Accessibility was a feature of this year’s meeting in other, less visible ways, too. “Packing up my daughter and scrambling for child care make in-person conferences a little difficult to plan for,” said Engbrecht. “It was a relief not to have to worry about my travel-funding applications being accepted, arranging air travel,” or getting a room in an economical, nearby hotel.
But the ease of use goes beyond economics. Higgins said she expected the MLA conference to be “overwhelming, huge, confusing, impersonal, and exhausting.” But the online version wasn’t any of these things, she said. Instead, she found it “friendly, accessible,” and thanks to the “helpful app, not too confusing.”
For graduate students, this ease of use offers unusual opportunities. Higgins chose to attend “mostly practical sessions” focused on career and professional development.
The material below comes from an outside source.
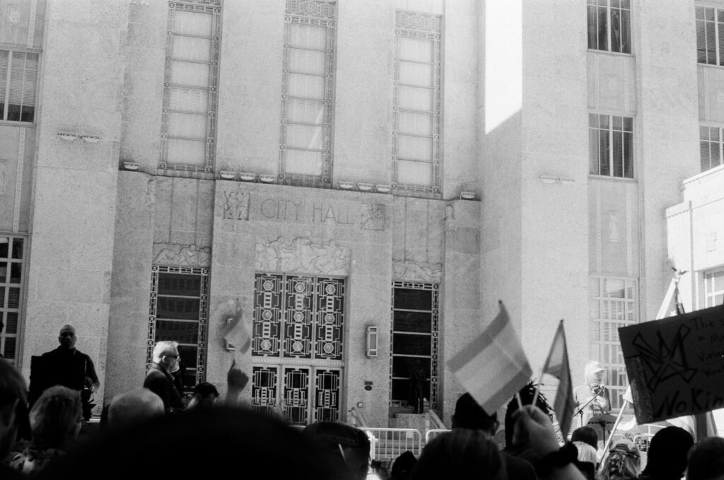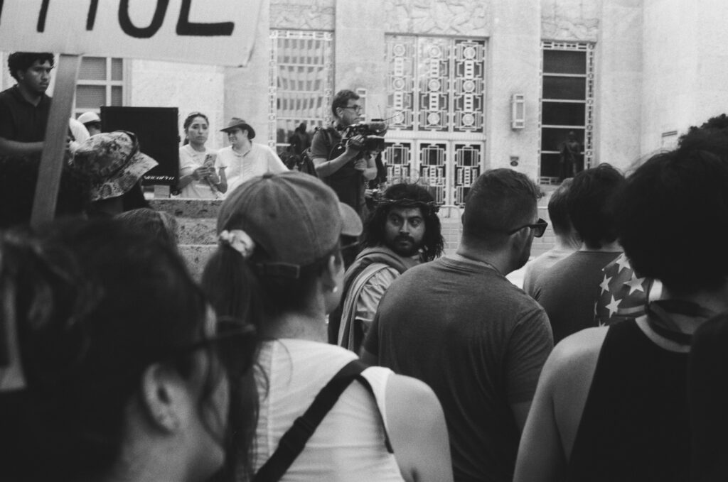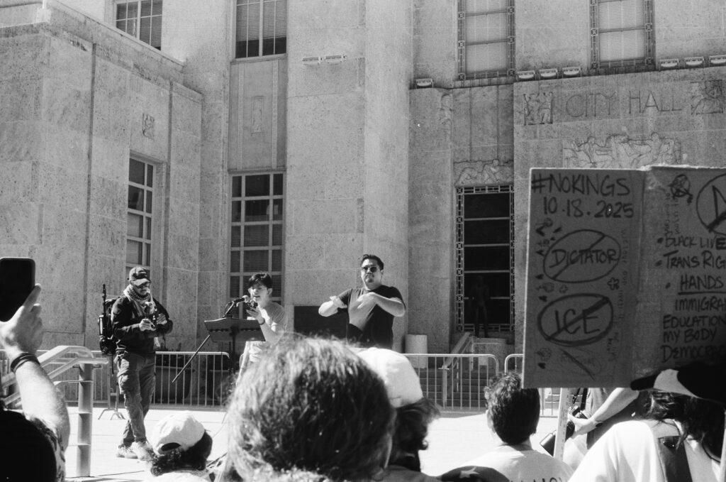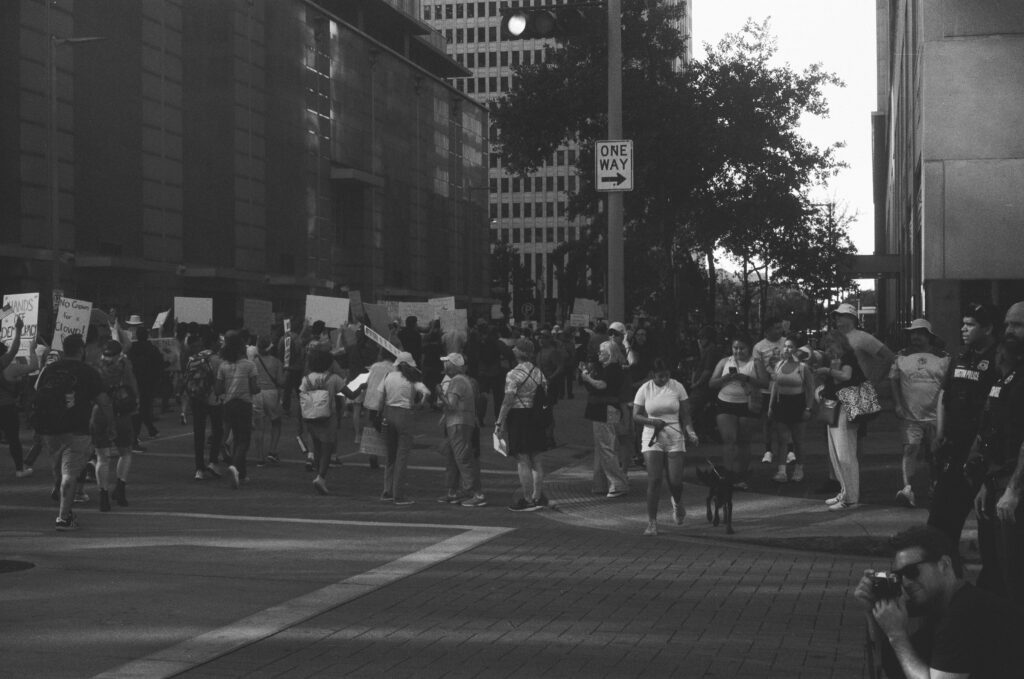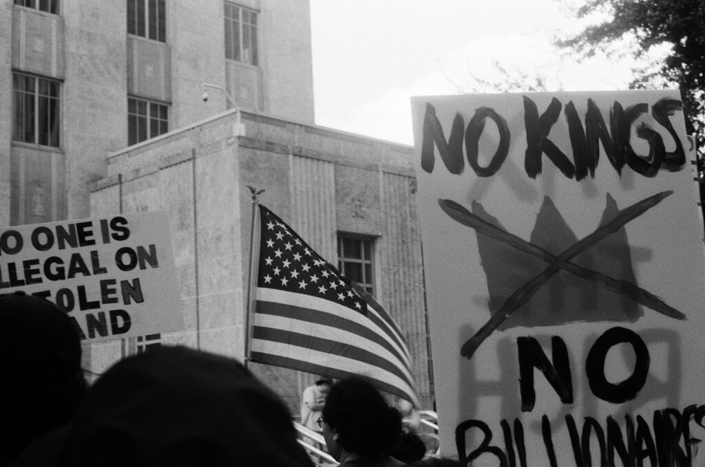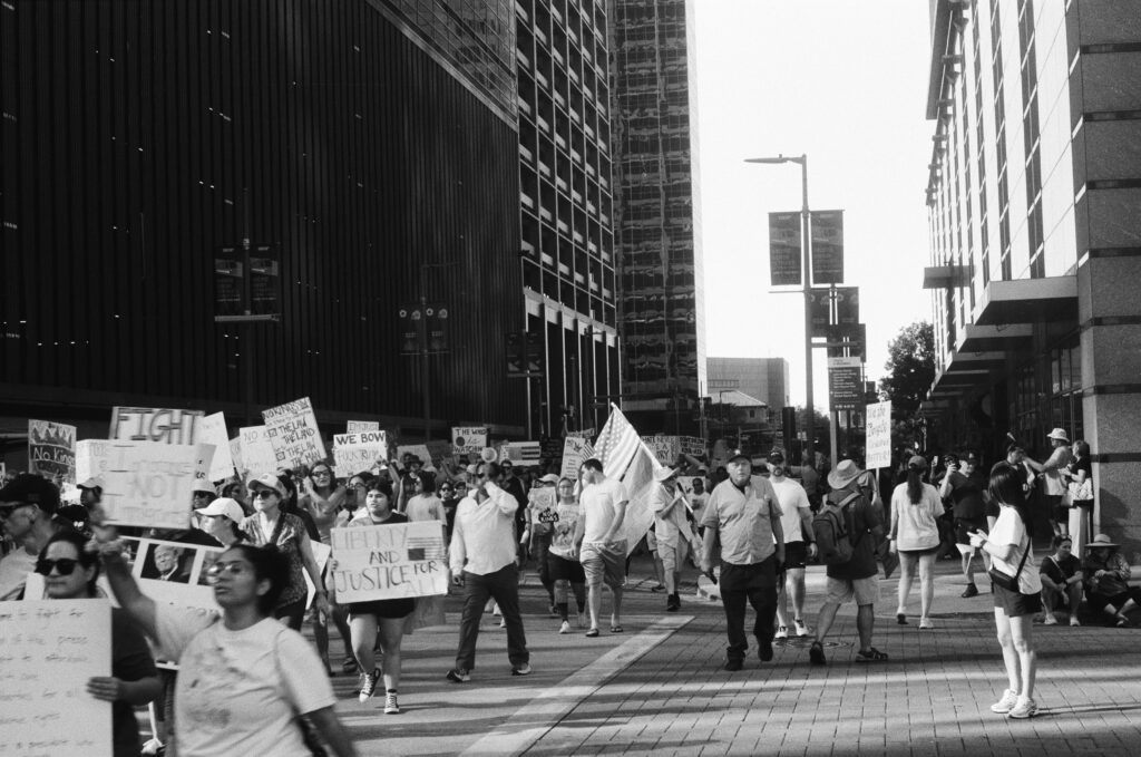 Loaded once again into the Zeiss Ikon Contaflex IV, the camera that refuses to die, I walked into downtown Houston as voices gathered in front of City Hall. The protest signs shouted, “NO KINGS,” “DEFEND DEMOCRACY,” “NO ONE IS ILLEGAL ON STOLEN LAND.”

She was able to reserve two different career-counseling appointments sponsored by the MLA, one focused on academic careers and the other on possibilities outside academe.
Higher education is “becoming less introverted,” Higgins said, and turning into “a more colorful landscape” that’s “more welcoming to different approaches and different groups of people.” Although she described herself as “perfectly aware of the apocalyptic nature” of the post-pandemic academic landscape, Higgins found herself feeling optimistic — and acting that way, too. “I had LinkedIn open at all times” during the conference, she said. “I sent people connection invites right away.”
The virtual version of the MLA met graduate students right where they are. “We were pleased with the way the remote convention worked out,” said Krebs, in an email. “We know how important it is for our members to be able to gather physically,” she said, “so we are not going to simply replace the in-person convention.” However, Krebs and other MLA leaders see that “there’s clearly a hunger for more” of what the remote experience can also provide.
Accordingly, Krebs said, the MLA is now “exploring how to incorporate some aspects of remote accessibility into future in-person gatherings.” But it also plans to hold more virtual events at other times of the year.
We’ve all heard the cliché that “every crisis is an opportunity” a little too often lately. But sometimes a crisis is an opportunity, and the MLA rose to the challenge of this year’s meeting. The “pandemic MLA” may offer a harbinger of conferences to come.